** Opening GIVEN INFORMATION block **
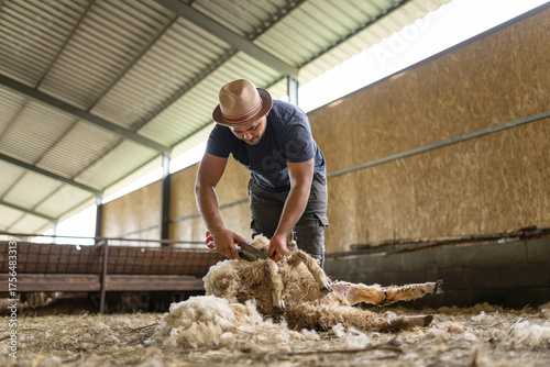 Farmer shearing sheep for wool in barn
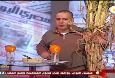 وأحضر “القرموطي”، في برنامجه “مانشيت” المذاع على فضائية” ON TV “، حزمة قصب، وطبق “قلقاس”، وقفص برتقال، معه إلى الأستوديو في مستهل الحلقة.
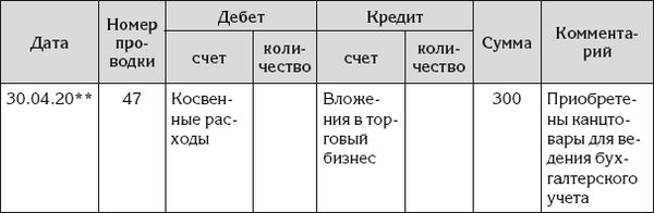 В последний день первого месяца своего торгового бизнеса Ирина стала вспоминать: а не было ли у нее подобных расходов? Да, были. В начале месяца она купила в канцелярском отделе магазина два скоросшивателя, пачку бумаги и еще какую-то мелочовку – специально чтобы вести журнал проводок и главную книгу. За покупки она заплатила 300 рублей, но не из денег, предназначенных для бизнеса, а из денег своего личного хозяйства.
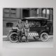 Foto antiga de duas mulheres de uniforme com um carro velho e legal. Foto de 1922.
** Closing GIVEN INFORMATION block **
TASK DETAILS: Once the images are dropped, set down the remaining material word for word.

RESPONSE AREA:
 Farmer shearing sheep for wool in barn
 وأحضر “القرموطي”، في برنامجه “مانشيت” المذاع على فضائية” ON TV “، حزمة قصب، وطبق “قلقاس”، وقفص برتقال، معه إلى الأستوديو في مستهل الحلقة.
 В последний день первого месяца своего торгового бизнеса Ирина стала вспоминать: а не было ли у нее подобных расходов? Да, были. В начале месяца она купила в канцелярском отделе магазина два скоросшивателя, пачку бумаги и еще какую-то мелочовку – специально чтобы вести журнал проводок и главную книгу. За покупки она заплатила 300 рублей, но не из денег, предназначенных для бизнеса, а из денег своего личного хозяйства.
 Foto antiga de duas mulheres de uniforme com um carro velho e legal. Foto de 1922.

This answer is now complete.